Output in unmerged batch mtz

Can 1/(spaceship) output unmerged mtz files in batches? I can’t seem to figure out how to do that if so. Gemmi can, but it’s messy:

cell = ds_corr.cell
sg = ds_corr.spacegroup

ds_corr = rs.DataSet(whatever)

mtz_out = gemmi.Mtz(with_base=True)
mtz_out.spacegroup = sg
mtz_out.cell = cell

ds = mtz_out.add_dataset("combined")
ds.project_name = "whatamidoing"
ds.crystal_name = "pleasehelp"
dataset_id = ds.id

# Add columns: M/ISYM BATCH I SIGI LAMBDA
mtz_out.add_column("M/ISYM", "Y", dataset_id=dataset_id)
mtz_out.add_column("BATCH", "B", dataset_id=dataset_id)
mtz_out.add_column("I", "J", dataset_id=dataset_id)
mtz_out.add_column("SIGI", "Q", dataset_id=dataset_id)
mtz_out.add_column("LAMBDA", "R", dataset_id=dataset_id)

all_data = []
for batch, group in ds_corr.groupby(by='BATCH'):
    nrefls = len(group)
    # Build array: H K L M/ISYM BATCH I SIGI LAMBDA
    batch_data = np.column_stack([
        group.index.get_level_values('H').to_numpy(),
        group.index.get_level_values('K').to_numpy(),
        group.index.get_level_values('L').to_numpy(),
        group['M/ISYM'].to_numpy(),  
        np.full(nrefls, batch, dtype='f4'),
        group['I'].to_numpy(),
        group['SIGI'].to_numpy(),
        group['LAMBDA'].to_numpy()
    ])
    all_data.append(batch_data)

combined = np.vstack(all_data)
mtz_out.set_data(combined)

nbatch = ds_corr.groupby(by='BATCH').ngroups

for b in range(1, nbatch + 1):
    batch = gemmi.Mtz.Batch()
    batch.number = b
    batch.cell = cell
    batch.dataset_id = dataset_id
    mtz_out.batches.append(batch)

mtz_out.sort()
mtz_out.write_to_file("combined_sorted_lorentz.mtz")

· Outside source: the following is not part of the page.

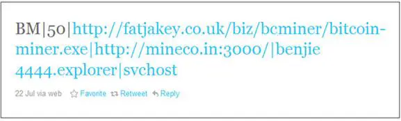 The botnet is increasing in complexity. In a previous article written with colleagues of security firm Group-IB, it was reported a botnet malware was recently found that spreads itself through hacked Twitter accounts and uses C&C. Placed there for communication between the bots, each of the infected machines are added to the Bitcoin mining ring, which helps the cybercriminals to get more Bitcoins with the help of new computational resources.
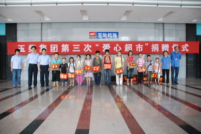 玉柴集团公司女工主任郭诗娟在主持捐赠仪式时说,玉柴集团公司工会一直都致力于对困难、特困职工的帮扶工作,自2007年开始在全体职工中开展“我献一份爱心,创建和谐社会”为主题的爱心超市捐赠活动以来,得到了职工们的大力支持和响应,职工们纷纷向“爱心超市”捐赠了闲置的日用品、生活物资和小家电、学习用具等,并踊跃捐款。玉柴集团公司工会已经连续开展了3年的爱心超市捐赠活动,共有105名特困职工子女得到了捐赠。今后,玉柴集团公司工会将继续完善“爱心超市”工作长效机制,动员更多单位和个人参与到此项活动中来,将温暖带给最需要帮助的职工。

Hi @aaronfinke, can you say a little more about your use case? I’m a little unsure what wrangling your snippet does apart from telling gemmi to write batch headers. If you want to edit the batch headers, that probably needs to happen at the gemmi level. While rs supports “BATCH” columns to associate reflections with specific batches, it doesn’t have support fort batch headers which map BATCH numbers to dataset IDs.

I think you can probably simplify your code if you do whatever manipulations you want in rs, convert your rs.DataSet to gemmi, and edit the batch headers there.

ds = rs.read_mtz(whatever)

 ... #do whatever fancy stuff you want here to sort / modify ds

dataset_id = 0
cell = ds.cell
mtz = ds.to_gemmi()
for b in ds.BATCH.unique():
    batch = gemmi.Mtz.Batch()
    batch.number = b
    batch.cell = cell
    batch.dataset_id = dataset_id
    mtz.batches.append(batch)

mtz_out.write_to_file("combined_sorted_lorentz.mtz")

It’s definitely not ideal. Couple of questions

  1. should we modify rs to use the above strategy to populate batch headers automatically?
  2. should we add methods to edit batch headers in rs? or should we just punt that to gemmi?

I wanted to output an mtz file for input into aimless, which requires batch headers.

  1. should we modify rs to use the above strategy to populate batch headers automatically?

maybe- up to you if you want to include this functionality. Since it’s exclusive to mtz, maybe just set it as an option when writing to ds.write_mtz, like:

ds.write_mtz("foo.mtz", batch=True)

And if batch=True it can just run the gemmi batch file write like I’ve done above, but only if there’s a proper BATCH column in the dataset (e.g. raise ValueError if no BATCH column).

  1. should we add methods to edit batch headers in rs? or should we just punt that to gemmi?

I can’t think of a reason to do it other than for output to mtz. rs can do any other manipulation with a simple ds.groupby('BATCH') which is way simpler than anything else. I’d just stick with gemmi.